A city study many years ago indicated graffiti taggers won’t tag over murals, Kiru said. Res­idents’ groups often help with mural ideas that reflect the his­tory or aspects of their neigh­bourhoods.

“There is an amazing amount of expertise in the community both through the historical soci­eties or other groups that have a good idea of the heritage of the area.”

As an example, Kiru cited Is­lington Village in the Dundas and Islington area, where the BIA has commissioned histori­cal murals. In turn, the murals have been used to create cal­endars – a mural every month – that publicize the neighbour­hood year-round to attract visi­tors and potential shoppers.

“There’s marketing and a des­tination opportunity you can build on around murals,” Kiru said.

Kiru welcomed Colle’s mo­tion to create murals to reduce graffiti, but he disagreed with the assertion that all graffiti is gang-related. “Some of it is. [But] some are young artists who want to show a presence.”

He said Toronto Police Ser­vices understand what is and isn’t graffiti, “whether it is a tag that’s got some (gang) relation to it, or whether it’s just some­body who feels they’re an artist and want to build a brand and be seen.”

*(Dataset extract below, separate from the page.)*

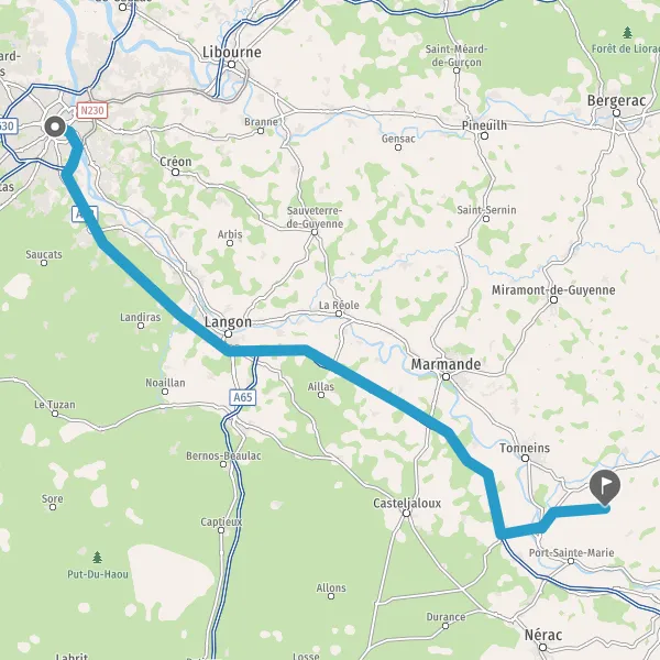 Prendre à gauche et rejoindre A62 E72. Continuer sur 92 kilomètres

Kiru was asked about banning the sale of spray paint cans, the go-to tool for taggers. (In 1992, Chicago banned spray paint sales to battle graffiti, a move upheld by the U.S Supreme Court. In 2006, London, Ont., imposed a spray paint ban for anyone under the age of 18.)

Kiru said that in the 1990s or early 2000s “there was talk” in Toronto about banning spray paint cans. But it’s not practical, he said.

“There’s a whole industry in­volved in spray paints. Spray cans are used for a lot of good stuff too,” said Kiru. “It (a ban) sounds good on the surface but implementation would be sig­nificantly more difficult than people realize.”

Asked what can be done to prevent graffiti going up, Kiru said that just as taggers have their tools so do anti-taggers.

“Some murals have had a membrane painted over them that prevents paint spray from getting to the base paint, to the mural itself, [so] all you need to do is wash it off. Many of the BIAs wrap [lamp] poles with a branded wrap that prevents stuff from sticking, even tape and posters. All you have to do is brush it and it comes off.”